WHAT YOU HAVE TO DO ▸ Print the line containing "具俊晔将在韩举办泳池派对 台媒曝大S或赴韩见婆婆", then every line after it through the end of the material, exactly as written and without pictures.
=== Section Start ===
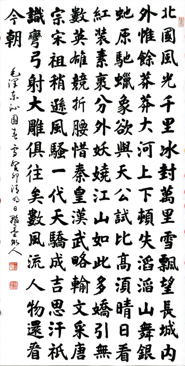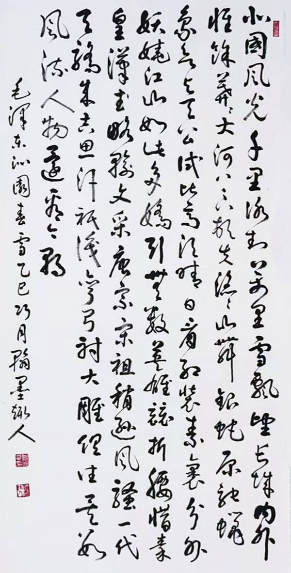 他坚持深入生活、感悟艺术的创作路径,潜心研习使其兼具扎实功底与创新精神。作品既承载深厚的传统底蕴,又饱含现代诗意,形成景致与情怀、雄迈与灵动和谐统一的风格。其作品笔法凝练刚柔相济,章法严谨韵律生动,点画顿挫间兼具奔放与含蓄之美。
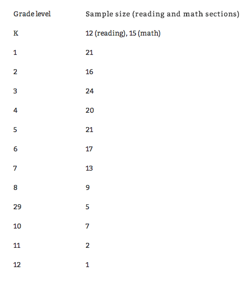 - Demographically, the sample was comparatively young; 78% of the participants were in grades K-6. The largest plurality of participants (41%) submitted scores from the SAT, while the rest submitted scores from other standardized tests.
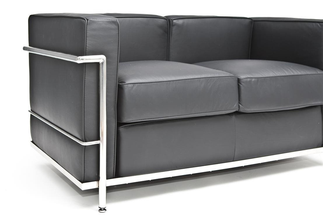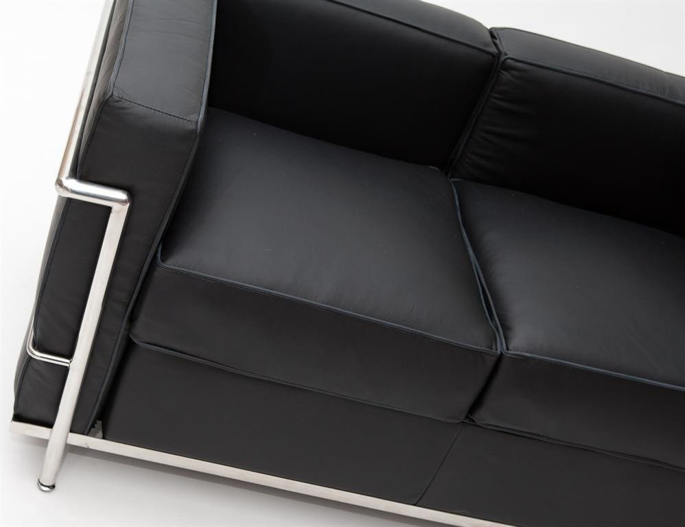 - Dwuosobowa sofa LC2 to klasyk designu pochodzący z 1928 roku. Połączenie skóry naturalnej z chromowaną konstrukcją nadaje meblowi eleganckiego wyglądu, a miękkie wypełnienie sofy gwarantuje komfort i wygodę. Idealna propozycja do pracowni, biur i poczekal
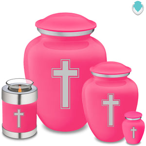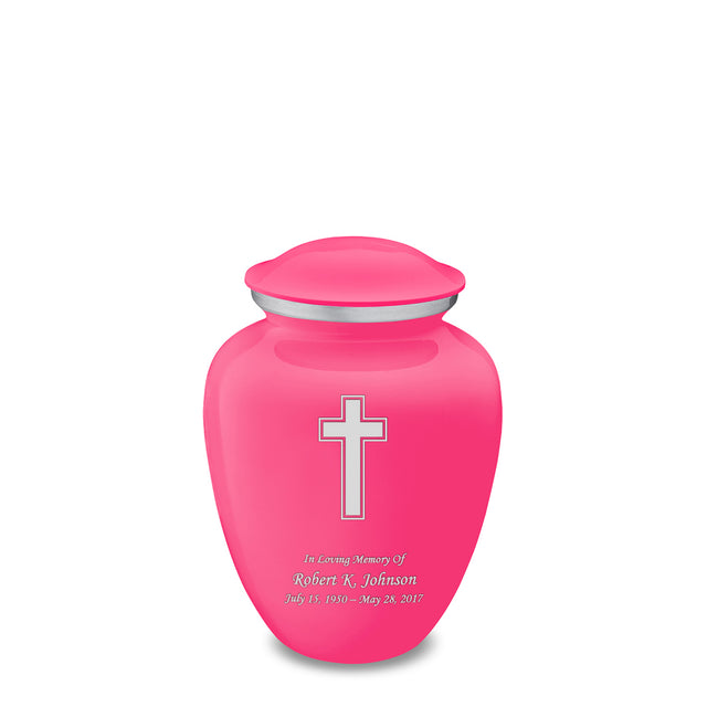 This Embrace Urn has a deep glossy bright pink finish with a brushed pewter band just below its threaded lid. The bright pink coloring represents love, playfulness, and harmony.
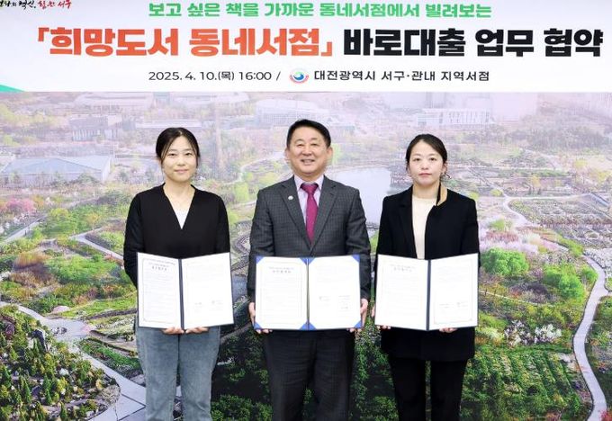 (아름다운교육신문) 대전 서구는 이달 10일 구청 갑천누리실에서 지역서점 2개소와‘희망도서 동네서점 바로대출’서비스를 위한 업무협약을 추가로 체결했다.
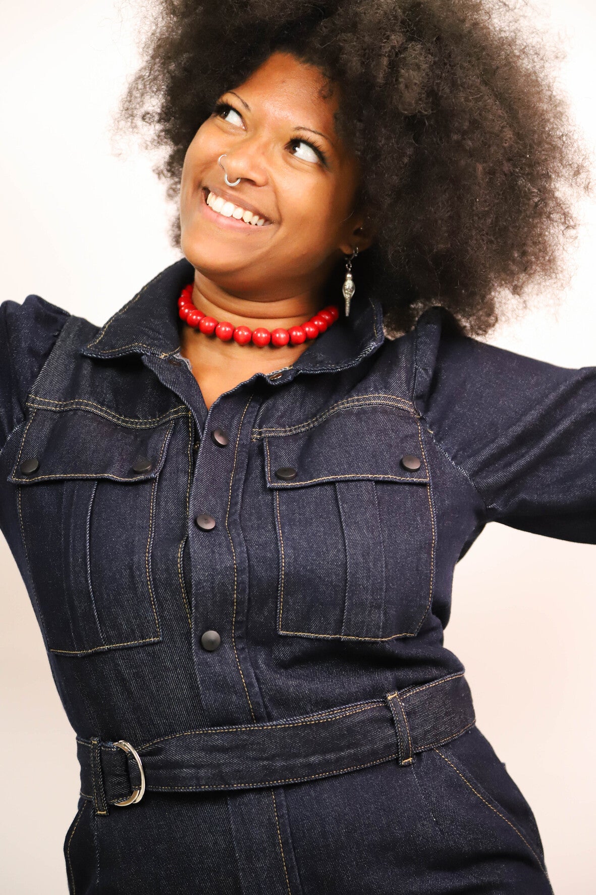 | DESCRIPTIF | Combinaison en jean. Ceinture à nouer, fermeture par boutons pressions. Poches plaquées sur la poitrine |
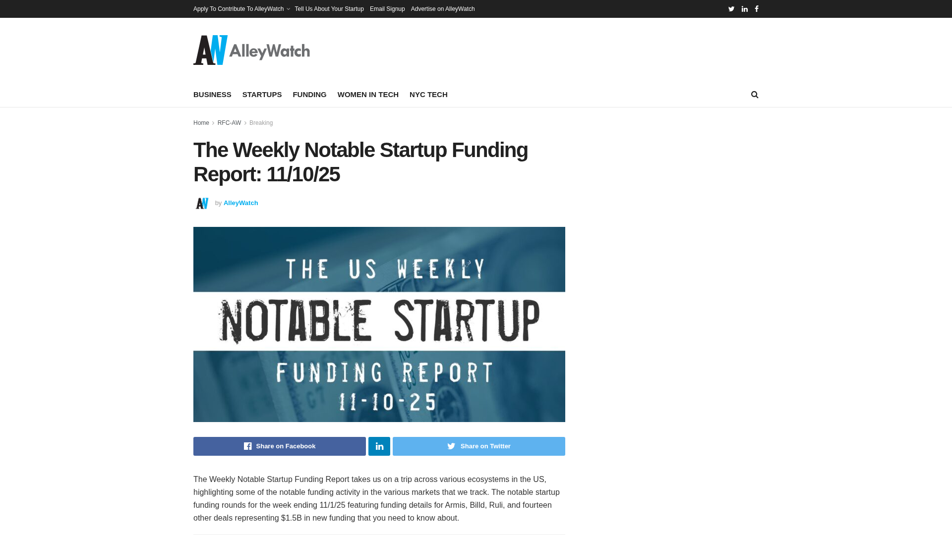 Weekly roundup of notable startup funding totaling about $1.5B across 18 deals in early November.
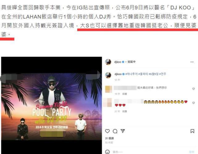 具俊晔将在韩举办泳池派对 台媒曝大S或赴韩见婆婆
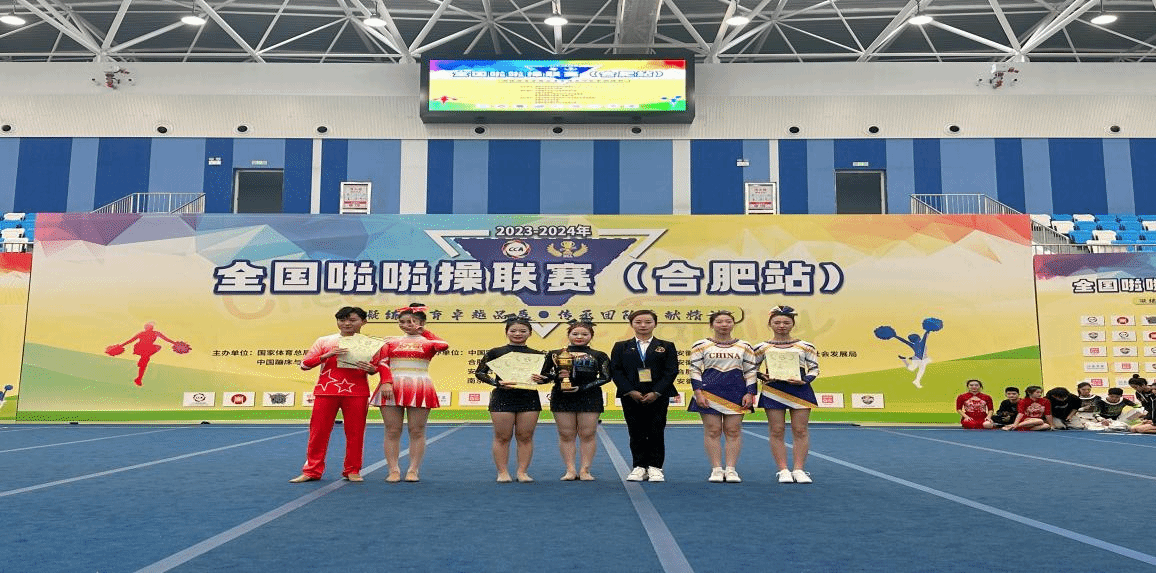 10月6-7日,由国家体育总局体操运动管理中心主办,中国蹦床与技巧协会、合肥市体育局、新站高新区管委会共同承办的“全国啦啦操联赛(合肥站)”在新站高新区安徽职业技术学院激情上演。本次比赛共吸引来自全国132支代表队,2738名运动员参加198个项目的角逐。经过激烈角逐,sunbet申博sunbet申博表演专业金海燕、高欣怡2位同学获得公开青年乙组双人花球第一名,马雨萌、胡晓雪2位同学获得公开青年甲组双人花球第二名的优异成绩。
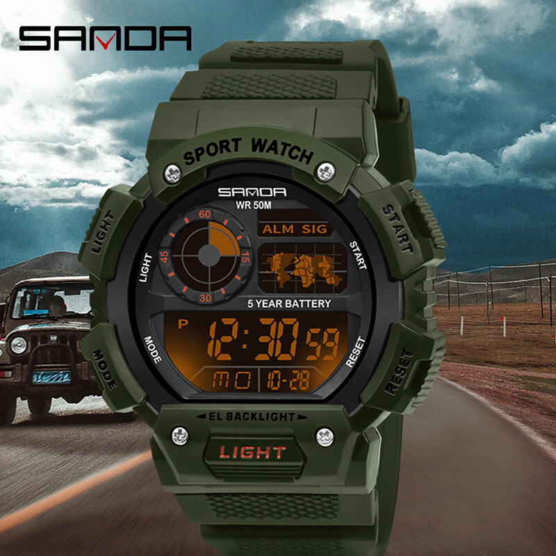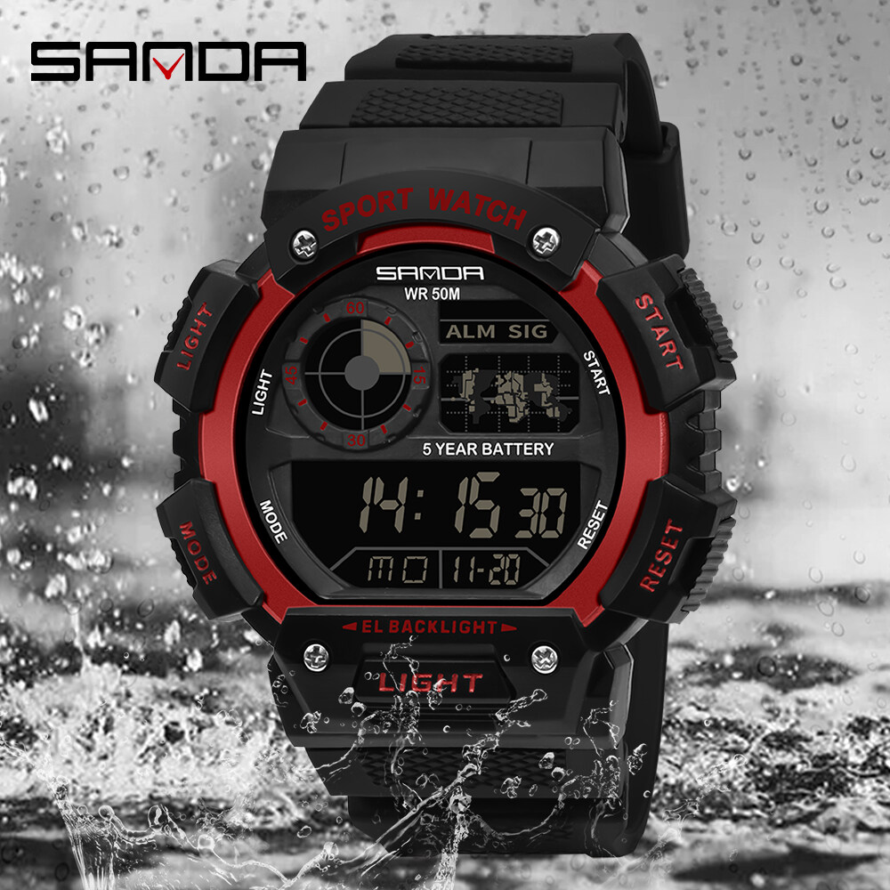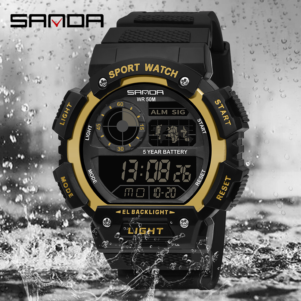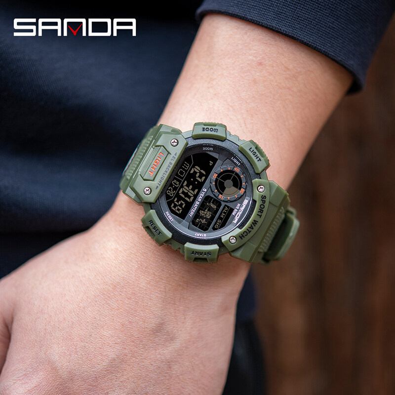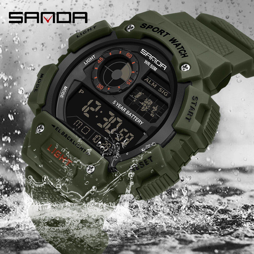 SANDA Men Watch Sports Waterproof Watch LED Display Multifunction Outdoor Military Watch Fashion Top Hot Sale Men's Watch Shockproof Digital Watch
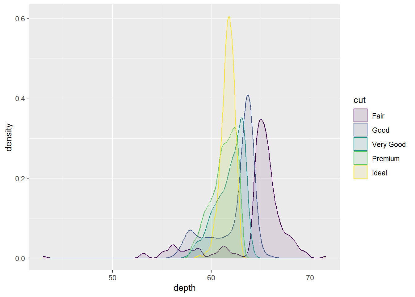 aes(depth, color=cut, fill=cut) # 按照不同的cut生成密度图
=== Section End ===
EXERCISE SOLUTION ▸
 具俊晔将在韩举办泳池派对 台媒曝大S或赴韩见婆婆
 10月6-7日,由国家体育总局体操运动管理中心主办,中国蹦床与技巧协会、合肥市体育局、新站高新区管委会共同承办的“全国啦啦操联赛(合肥站)”在新站高新区安徽职业技术学院激情上演。本次比赛共吸引来自全国132支代表队,2738名运动员参加198个项目的角逐。经过激烈角逐,sunbet申博sunbet申博表演专业金海燕、高欣怡2位同学获得公开青年乙组双人花球第一名,马雨萌、胡晓雪2位同学获得公开青年甲组双人花球第二名的优异成绩。
 SANDA Men Watch Sports Waterproof Watch LED Display Multifunction Outdoor Military Watch Fashion Top Hot Sale Men's Watch Shockproof Digital Watch
 aes(depth, color=cut, fill=cut) # 按照不同的cut生成密度图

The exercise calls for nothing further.